Ich bevorzuge da lieber das Spiel nach Regeln mit anderen Leuten zusammen, bei der Jeder seine Aufgabe hat. Dazu braucht man kein Perfektionist zu sein und die Anlage muss nicht perfekt und riesig sein. Sogar Schikanen, die ein Gleisplanplanungsperfektionist glatt bügeln würde, erhöhen angenehm den Spielspaß. Anlagen, die diese Art des Spiels unterstützen, haben viel längeren Bestand.

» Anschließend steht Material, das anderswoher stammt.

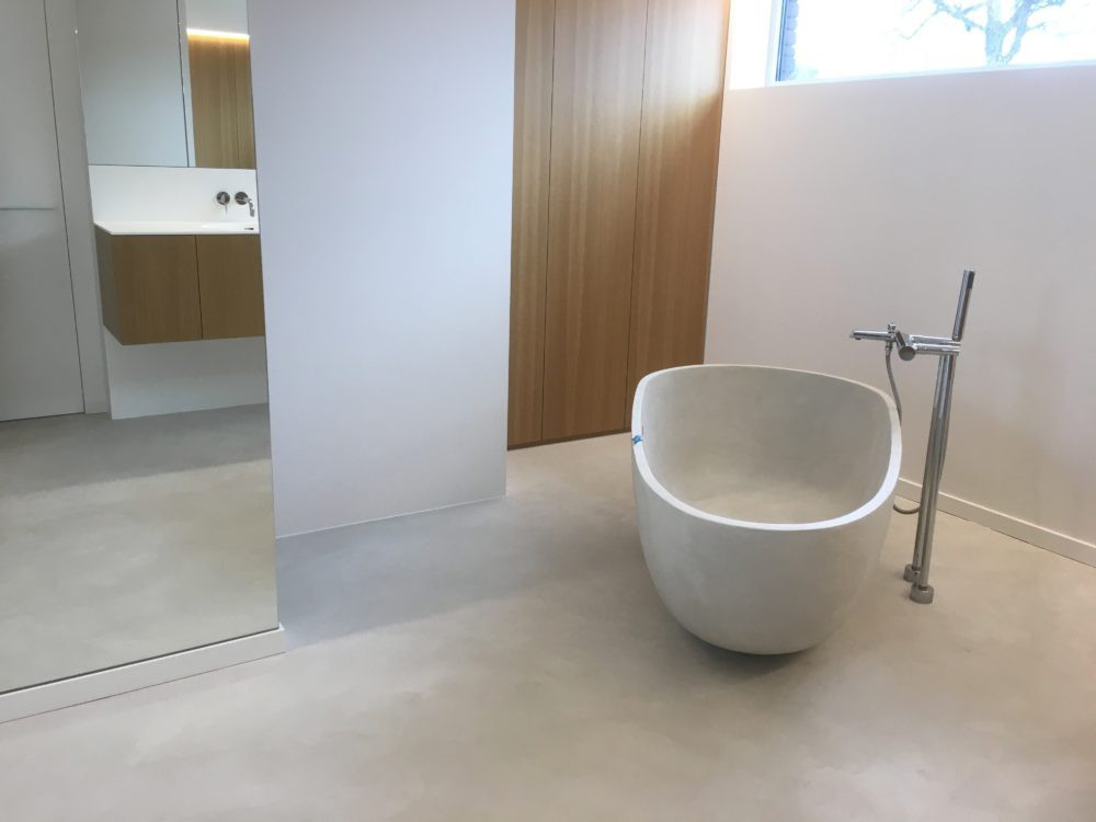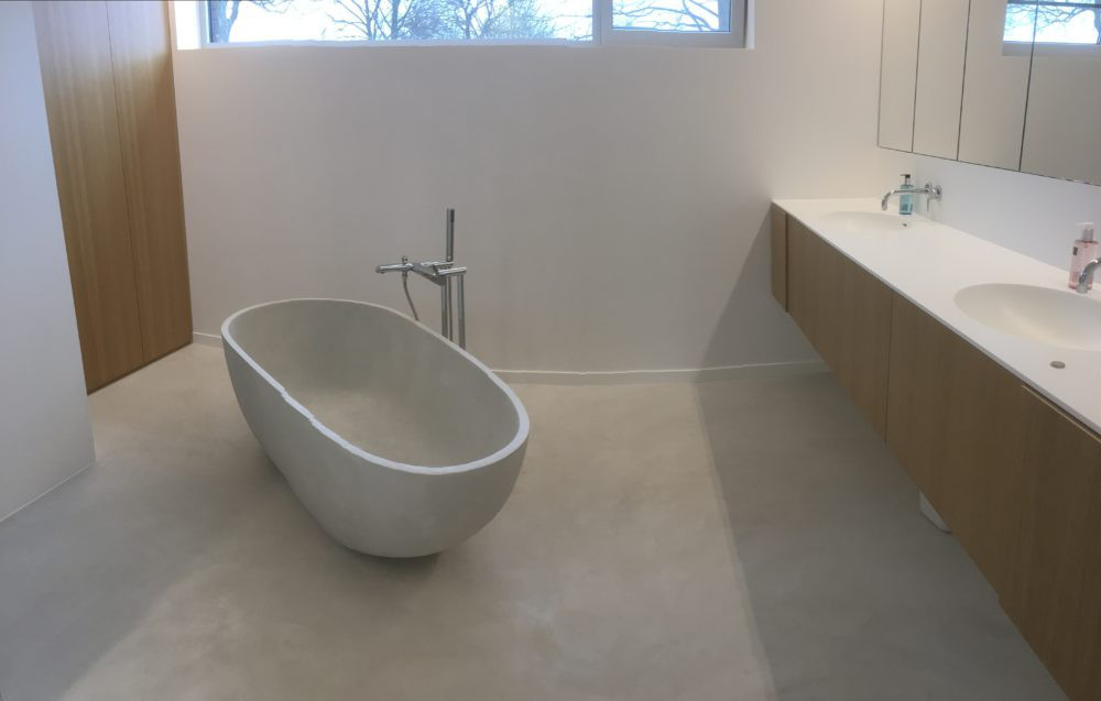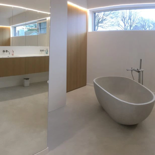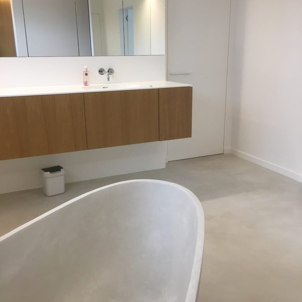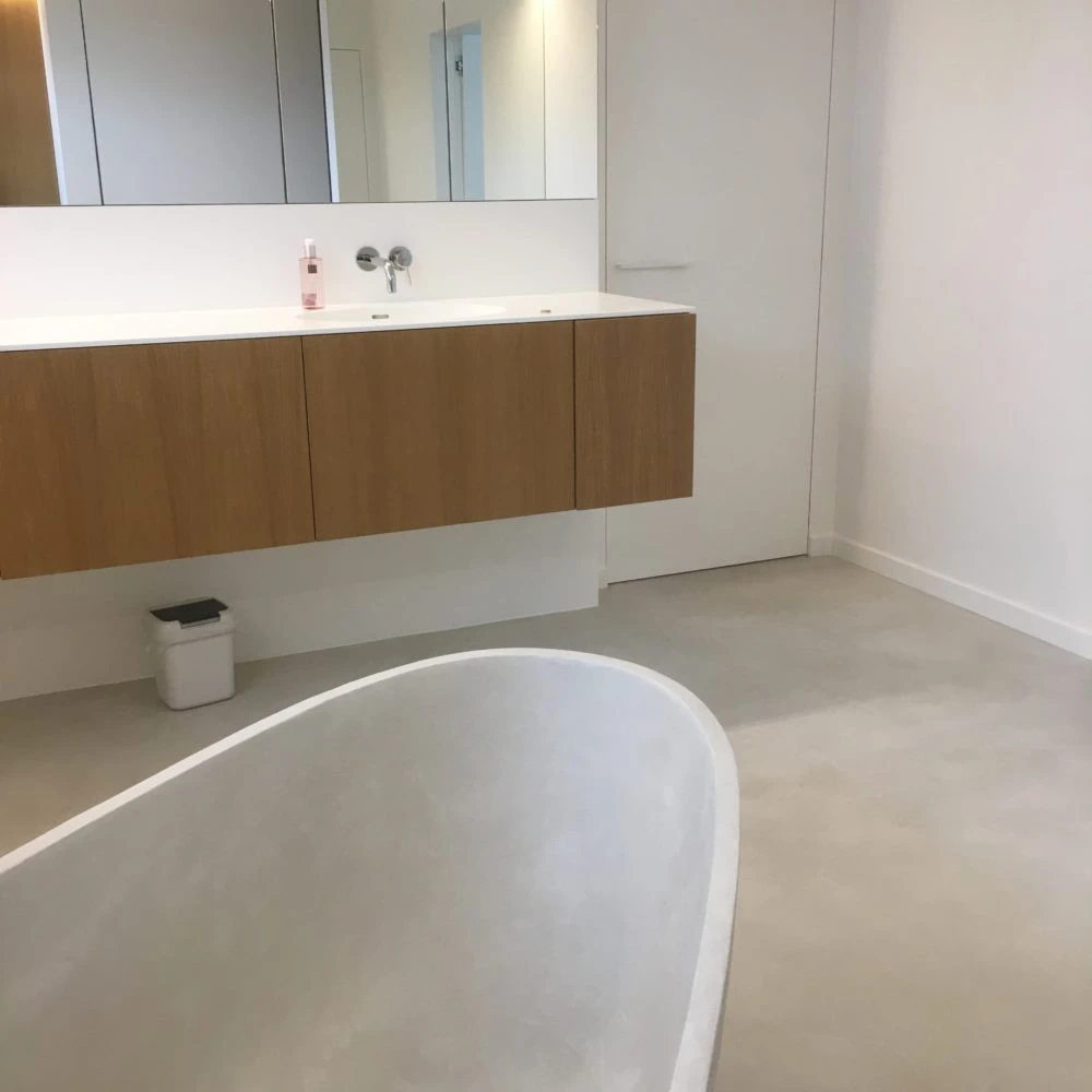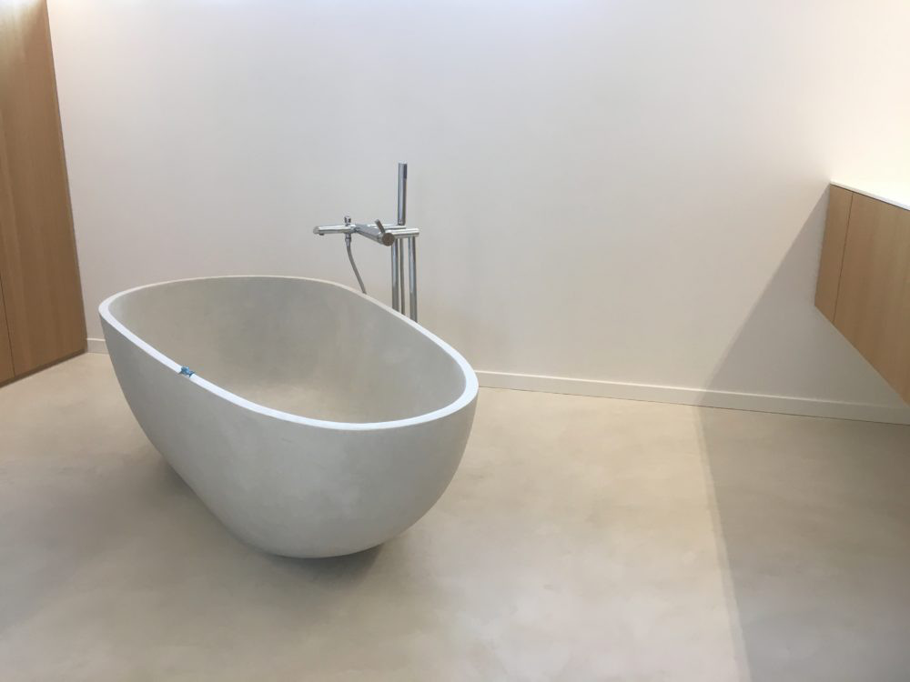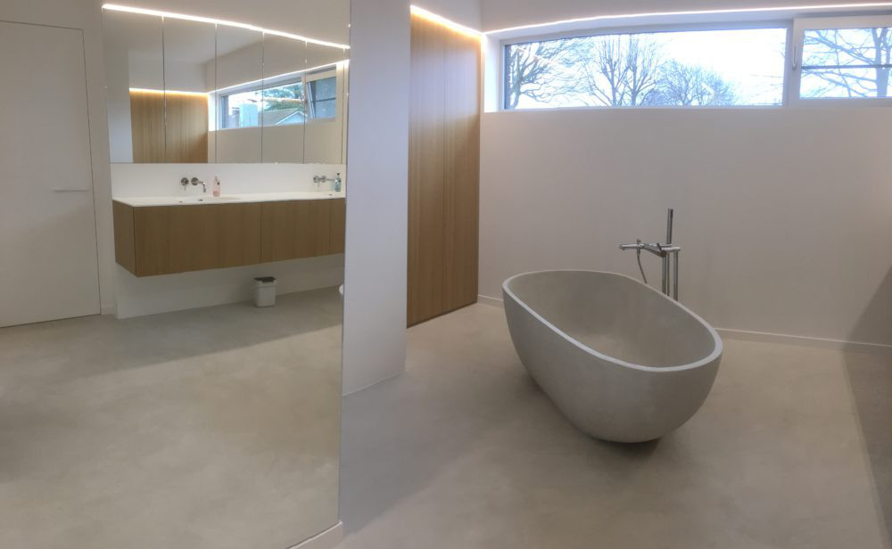 Hier werd het bestaande bad omgetoverd tot een echte eyecatcher door het volledig uit te werken met mortex.Het bad is sierlijk, straalt klasse uit maar valt ook op door het in het midden van de ruimte te plaatsen.

Um mehr geht es weder dem OOK noch mir.
du hast es beim Darstellen deiner Meinung wieder nicht geschafft, auf die Herabwürdigung des Gegenübers zu verzichten.
 
Mal sehen, was draus wird.
Hobbyauflösung per großem Kaufhaus?:grinwech:

Wobei ich mit Sicherheit auch erst einmal mit dem Standardgleis angefangen hätte, wenn ich bei meinem Wiedereinstieg welches gehabt hätte und dieses noch in Ordnung gewesen wäre. Um erst einmal was zum Fahren zu haben hätte mir das damals gereicht.
 
Der dritte Tipp von Dr. Tempel, mit der Stromversorgung von jedem Gleis, ist super und dann kann man viel Freunde haben, mit dem alten Gleis. Funktioniert bei mir schon über 40 Jahre und es fahren auch alle neuen Loks und Wagen. Also nur Mut!
Beste Grüße
 
Die direkte Stromversorgung für jedes einzelne Gleis nützt aber nichts, wenn die Legierung nicht mehr vorhanden ist. Dieses Blech ist halt ein schlechter Leiter.
 
Och, so'n schlechter Leiter ist der Stahl der Hohlprofile auch wieder nicht. Muss halt blank bleiben, und das ist das Problem, wenn die Verzinnung abgefahren ist. Aber der Kontakt von Gleis zu Gleis ist ein größeres, und die Weichen ein fast noch größeres. Ob sich der Aufwand lohnt, an jedes Gleisjoch Drähte zu löten, muss jeder Bastler selbst entscheiden.